Child sex offenders still at large in Rochdale, says former detective

Child sex offenders still at large in Rochdale, says former detective
Victims of the Rochdale child sex abuse ring, exposed in 2012, are still at risk of being exploited by offenders who are still at large in the community, according to a former detective who worked on the case.

Margaret Oliver, former detective constable for Greater Manchester Police (GMP), investigated reports of child grooming before resigning over the Crown Prosecution Service’s (CPS) mishandling of the case.

Oliver said she is in contact with some of the victims and told many of the offenders are still living freely in the community.

Speaking before the launch of the BBC 1 drama ‘Three Girls’, which documents the experience of three of 47 victims, Oliver said: “I’m speaking to kids who are telling me that even to this day they are seeing offenders that they’ve named walking around Rochdale.

“Somebody saw one in London, another person told me that one has moved around the corner from her.

“That’s why I’m saying things haven’t changed, because those men have been named by those girls [to the police] and I know that they’re still out there walking around,” Oliver said.

Nine Asian men from Rochdale and Oldham were sentenced to a total of 77 years in prison in 2012 after being found guilty of offences including rape. The jury at Liverpool Crown Court heard that between 2005 and 2008 the men plied the five victims, some as young as 13, with drinks and drugs and “passed them around” for sex.

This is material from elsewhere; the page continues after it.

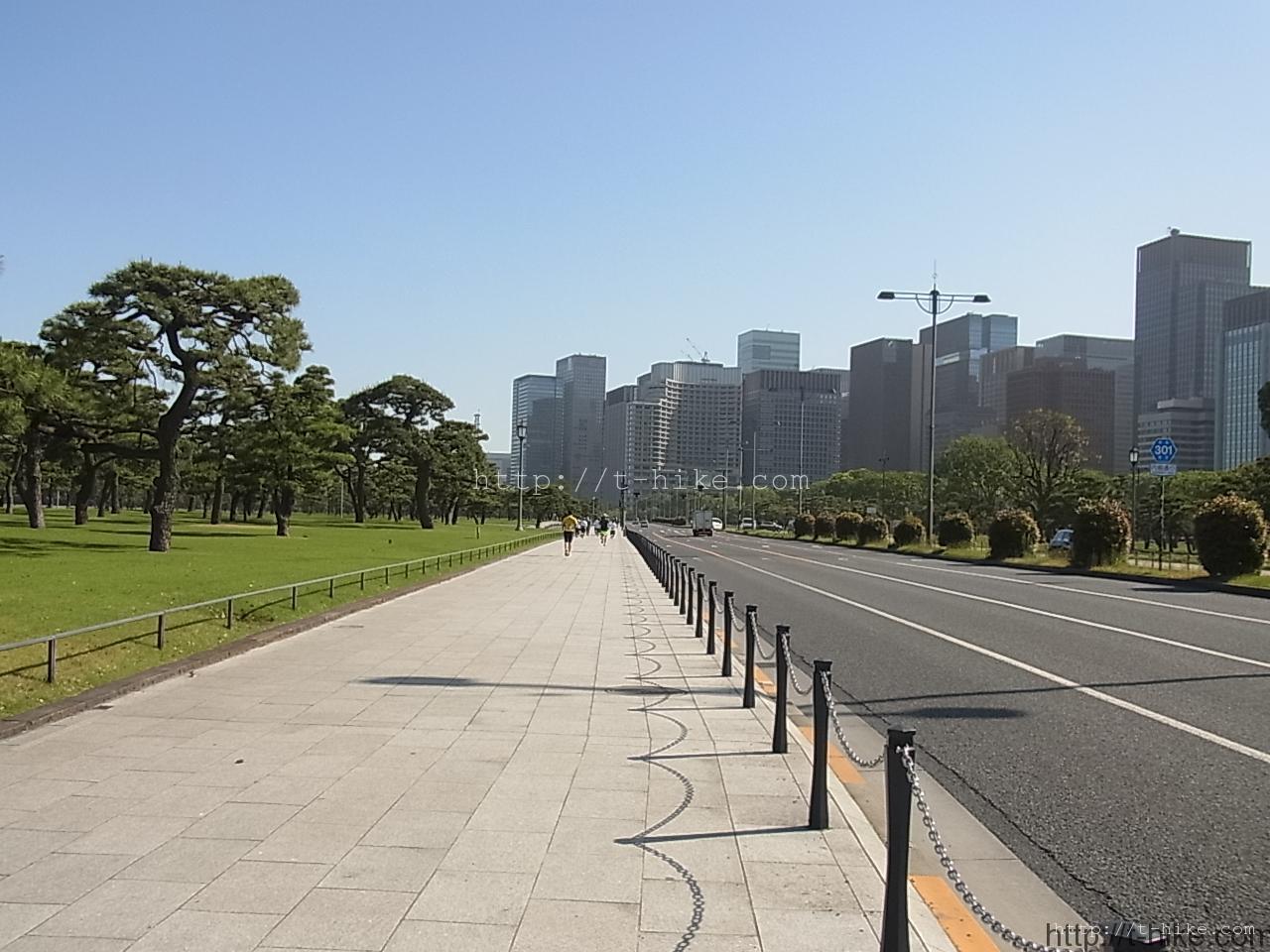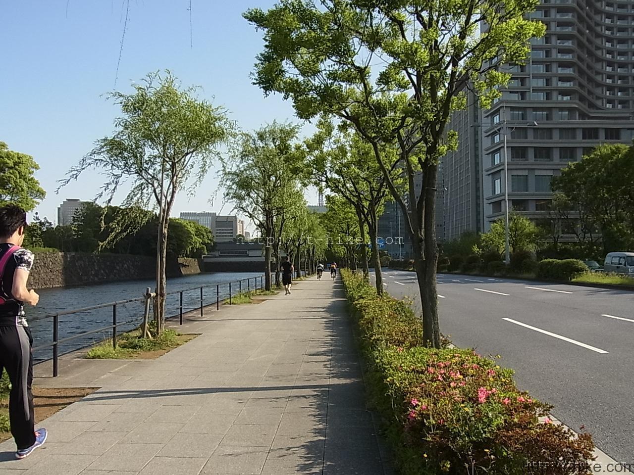 皇居の近くに来ると予想外に風が吹いていました。パーカーを着ていたのでちょうどよい感じ。でもこのあと風がやむと暑いです。

Oliver, who will be played by Lesley Sharp in the three-part series, said police are yet to learn the lessons of Rochdale. She called for laws to hold authorities to account for negligence.

Under current laws, police officers cannot be prosecuted for negligence.

“If the police were accountable then perhaps we would see proper changes,” says Oliver.

Oliver worked on Operation Span investigating reports of child grooming in Rochdale for seven months before she chose to resign amid concerns that the police force was failing to appropriately record allegations of sexual abuse.

“I tried with every ounce of my determination to highlight to the chief constable and all the agencies – the IPCC, the children’s commissioner, the Home Office Select Committee – what was going on, but without success.

“No one really wanted to hear what I was saying and eventually I was left with a stark choice,” she said.

“There were so many big holes in what was going on ... I had never seen a job being run this way before. There were lots of things that were just not right. They wanted to do a quick job with a quick result.

“Children had spent months giving evidence in video interviews, disclosing men who had abused them and places where the abuse had happened, but those allegations were not being officially recorded and to this day have still not been recorded.”

Reports of sexual assault on two girls were first brought to the attention of police back in 2008, but investigations into allegations of child sex abuse only launched in 2009 when further claims were brought forward.

In 2015, a GMP report highlighted failures “at individual and force level” in dealing with victims between 2008 and 2010, but none of the 13 officers being investigated were disciplined. 

One of the victims said she is “fuming” and “overall disgusted.”

“They and Rochdale Social Services let me down, and they’re letting me down now,” she said, according to the Guardian.